CWGC issues apology for commemoration failures in WW1
The Commonwealth War Graves Commission (CWGC; cwgc.org) has apologised after a report found that up to 400,000 predominantly black and Asian casualties of the First World War were not properly commemorated.
The CWGC’s Special Committee to Review Historical Inequalities in Commemoration has published its final report. It said that between 116,000 and 350,000 casualties (mainly East African and Egyptian personnel) were not commemorated by name or possibly not commemorated at all, and between 45,000 and 54,000 casualties (predominantly Indian, East African, West African, Egyptian and Somali personnel) were commemorated unequally.

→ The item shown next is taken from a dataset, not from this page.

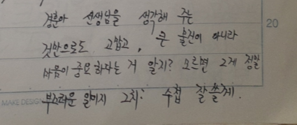 경훈아 선생님을 생각해 주는 것만으로도 고맙고, 큰 물건이 아니라 마음이 중요하다는 거 알지? 모르면 그게 정말 부끄러운 일이지 그치? 수첩 잘 쓸게.

The report found that the CWGC’s policy of equality of treatment in death was “effectively achieved” in the European theatre of war but “had limits elsewhere”. It added: “In the 1920s, across Africa, the Middle East and India, imperial ideology influenced the operations of the IWGC [Imperial War Graves Commission, the original name of the CWGC] in a way that it did not in Europe, and the rules and principles that were sacred there were not always upheld elsewhere. As a result, contemporary attitudes towards non-European faiths and differing funerary rites, and an individual’s or group’s perceived ‘state of civilisation’, influenced their commemorative treatment in death.”
Examples include 38,696 Indian casualties commemorated on memorials by numbers rather than by name, and 2,692 West African and Chinese casualties in Nigeria, Sierra Leone and Hong Kong whose names were put on memorial registers but not inscribed on monuments.
Claire Horton CBE, director general of the CWGC, responded: “The events of a century ago were wrong then and are wrong now. We are sorry for what happened and will act to right the wrongs of the past.”
The report’s authors recommended a series of steps for the CWGC to take, including an ongoing commitment to search for the unnamed war dead, the inscription of recovered names on existing memorials, and building new memorials or commemorative structures where appropriate.